Evaluating the role of common risk variation in the recurrence risk of schizophrenia in multiplex schizophrenia families

Abstract

Multiplex families have higher recurrence risk of schizophrenia compared to the families of sporadic cases, but the source of this increased recurrence risk is unknown. We used schizophrenia genome-wide association study data (N = 156,509) to construct polygenic risk scores (PRS) in 1005 individuals from 257 multiplex schizophrenia families, 2114 ancestry-matched sporadic cases, and 2205 population controls, to evaluate whether increased PRS can explain the higher recurrence risk of schizophrenia in multiplex families compared to ancestry-matched sporadic cases. Using mixed-effects logistic regression with family structure modeled as a random effect, we show that SCZ PRS in familial cases does not differ significantly from sporadic cases either with, or without family history (FH) of psychotic disorders (All sporadic cases p = 0.90, FH+ cases p = 0.88, FH- cases p = 0.82). These results indicate that increased burden of common schizophrenia risk variation as indexed by current SCZ PRS, is unlikely to account for the higher recurrence risk of schizophrenia in multiplex families. In the absence of elevated PRS, segregation of rare risk variation or environmental influences unique to the families may explain the increased familial recurrence risk. These findings also further validate a genetically influenced psychosis spectrum, as shown by a continuous increase of common SCZ risk variation burden from unaffected relatives to schizophrenia cases in multiplex families. Finally, these results suggest that common risk variation loading are unlikely to be predictive of schizophrenia recurrence risk in the families of index probands, and additional components of genetic risk must be identified and included in order to improve recurrence risk prediction.

Fig. 1. Mean Leave-N-Out PGC3-SCZ PRS for each of the diagnostic categories in the ISHDSF sample, sporadic SCZ cases and ancestry-matched population controls.

A subset of sporadic cases with family history (FH) information are further divided into FH+ (green bar) and FH− (red bar) categories. Unaffected relatives (dark orange bar) are distinct from population controls (black bar) as they represent unaffected individuals in the families. Familial SCZ cases are represented in the narrow spectrum category as described in the methods section. Error bars represent the standard error of the observed mean. X axis shows each of the diagnostic categories. Y axis shows the mean normalized Z-score for PGC3-SCZ.

Fig. 2. Comparison of PRS between the ISHDSF diagnostic categories and sporadic cases, versus population controls.

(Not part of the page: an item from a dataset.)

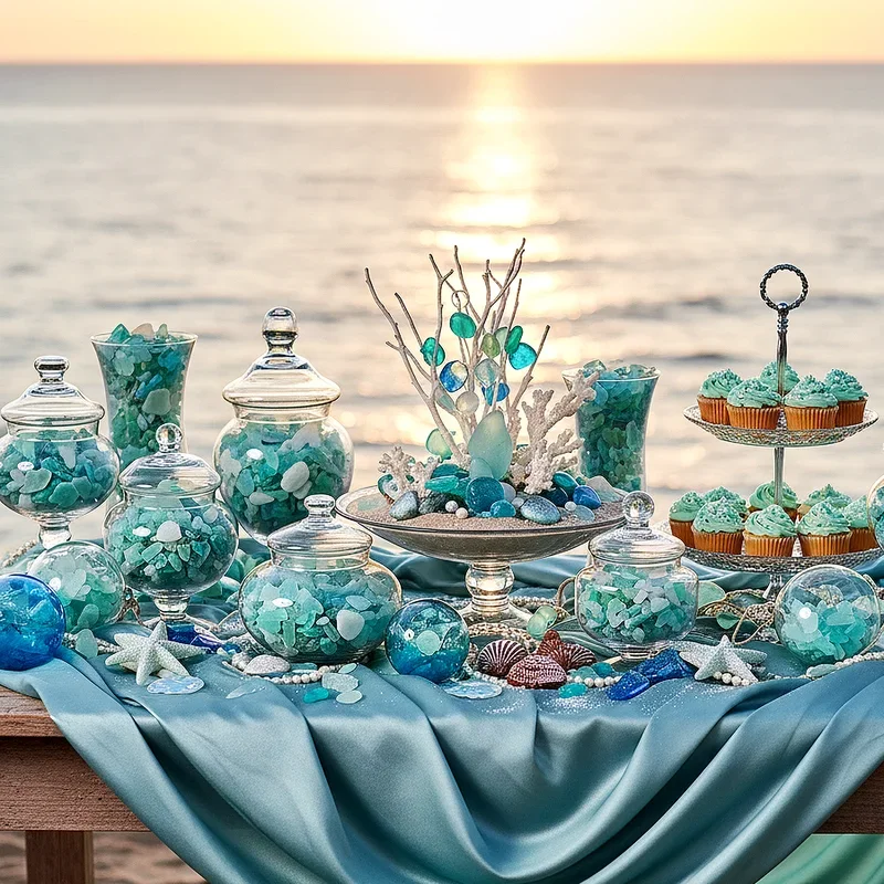 Design an stunning candy bar featuring treats in ocean colors displayed in glass containers resembling collected sea glass treasures. Select candies in blues, greens, and pearlescent whites such as rock candy, gummy fish, and chocolate pearls. Arrange treats at varying heights using cake stands and decorated boxes creating visual interest and easy access. Label each candy type with creative ocean-themed names like "Poseidon's Pearls" or "Mermaid Kisses" adding personality to your display. Provide small bags or boxes decorated with seashell stickers for guests to create their own candy mix combinations. This sweet station becomes both decoration and dessert, offering guests delicious treats while maintaining the cohesive underwater theme throughout your magical celebration.
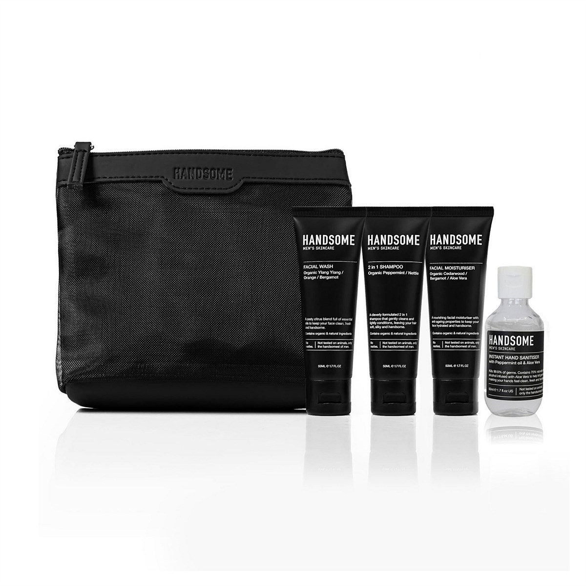 Handsome Voyager set contains 4 x 50ml Travel Size Essentials: Handsome Facial Wash, Facial Moisturiser, 2in1 Shampoo, and Peppermint Hand Sanitiser, in a mini black bag.

All analyses follow the hypothesis that ISHDSF members and sporadic cases have a higher PRS compared to population controls. All PRS have been normalized using Z-score standardization prior to obtaining odds ratios. The plots show odds ratios (OR, filled circles) with 95% confidence intervals (CI) for each category compared to population controls. X axis represents the odds ratios. Left side of Y axis represents each of the categories used for comparison versus population controls. Right side of the Y axis represents the p-values after multiple testing correction.